Friday, February 27, 2015

HNIs Invest in Ultra Short Term MFs

 

Ultra short-term bond schemes by mutual funds are in vogue among savvy investors these days as firming money market rates due to tight liquidity have boosted returns. This category has given an annualised return of 8.4% over the last fortnight, and fund managers expect rates to firm up over the next few days.
 
HNIs looking to optimise returns and avoid volatility around the Budget are using ultra short-term funds.
 

Over the last fortnight, 1-year certificate of deposit (CD) rates have risen 30 basis points to around 8.85%.Wealth managers said rich investors who partly booked profits in equities before the Union Budget this Saturday are parking their money in these ultra short term bond schemes.

According to fund managers, money market rates typically peak out in February and March, and then come down in the new financial year as liquidity improves. Corporates and individuals withdraw funds to pay year-end taxes that lower liquidity, leading to a spurt in short-term rates.

Given the duration of the fund, investors could earn anywhere between 9-11%, for a timeframe of 45 days to 90 days.

As the year ends and the new financial year sets in, liquidity will improve as government spending will set in the new financial year. In addition, demand for credit during first quarter of the financial year is low and deposit growth outpaces credit growth. This helps in easing system liquidity during this period.

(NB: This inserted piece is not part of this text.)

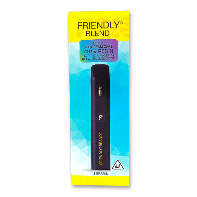 For those who want to experience the rich, creamy goodness of Ice Cream Cake try vaping a Friendly Blend 2000MG ice cream cake disposable vape. This pre-filled disposable vape captures the essence of the strain’s flavor and calming effects, offering a way to enjoy Ice Cream Cake in a convenient, legal format. Paired with 4 powerful cannabinoids and Live Resin, you’re in for the ultimate chill. Not to mention, this mess-free and hassle-free disposable is perfect for on-the-go use, offering convenience and quality in one sleek package (already contains the built-in battery, tank, and coil).
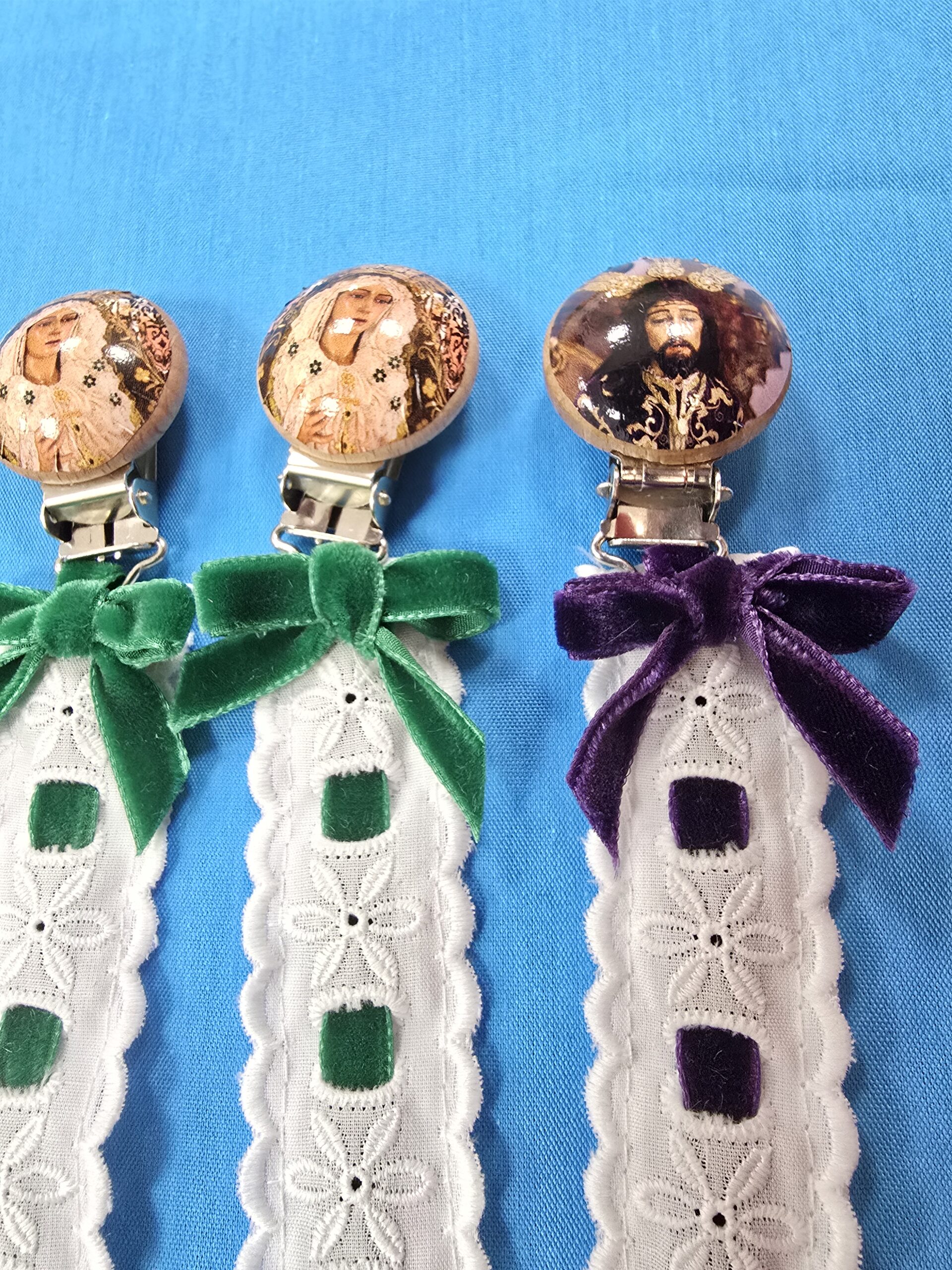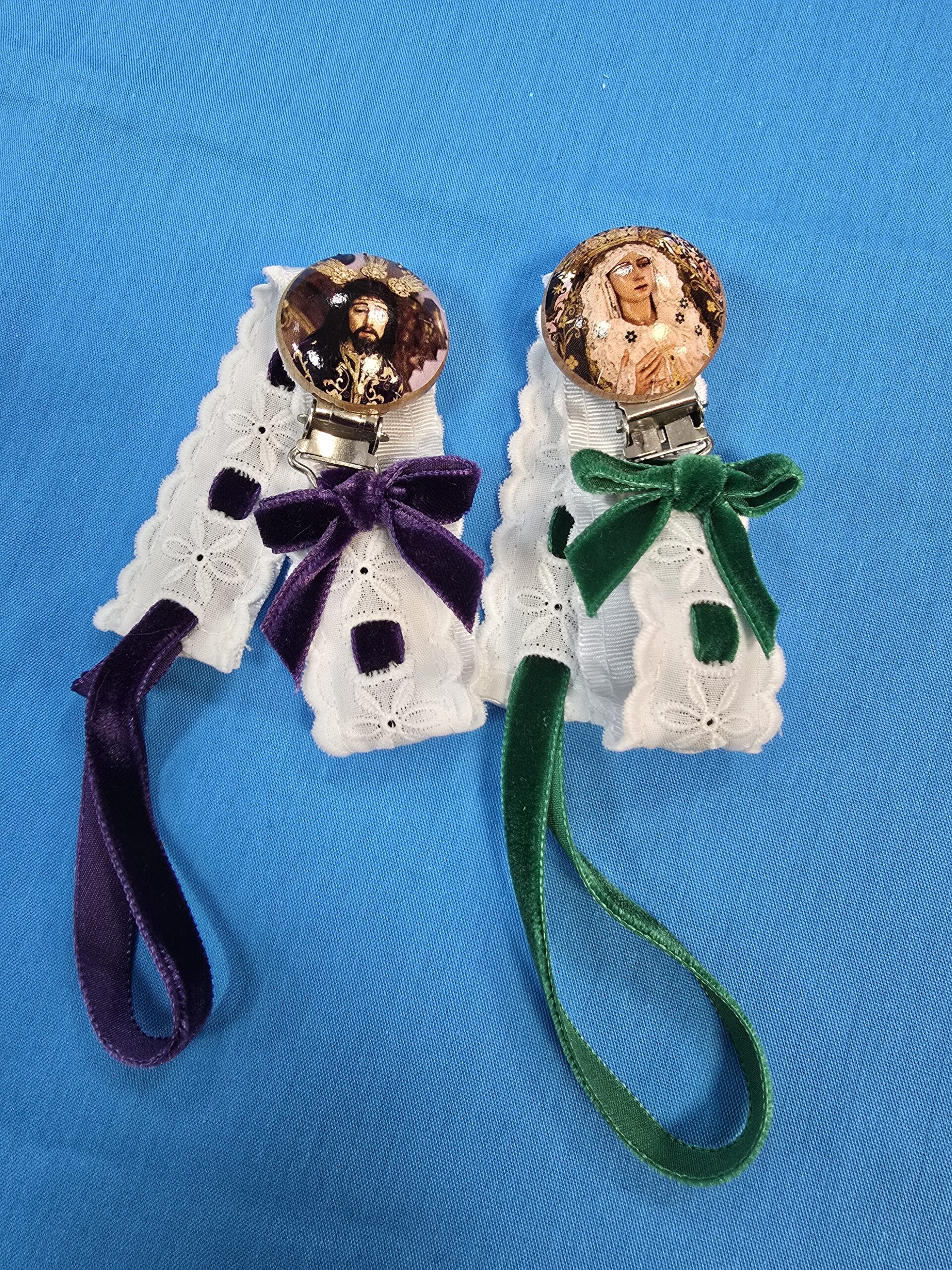 Chupeteros de hermandad personalizados, perfectos para los pequeños cofrades de la casa. Un detalle único, hecho con cariño, para que la devoción empiece desde la cuna.

Ultra short-term funds will generate higher accrual income from elevated money market rates and also generate capital appreciation once money market rates start falling, said fund managers The government is running huge surplus in its account with RBI. The surplus will only shore up further owing to government raising over Rs 250 billion (cash inflow as part payment) through spectrum auctions, stake sales of PSUs and advance tax collections in March. On the other hand the government will curtail spending to keep fiscal deficit in check at 4.1% of GDP given that deficit has already crossed 100% of budget as of December 2014.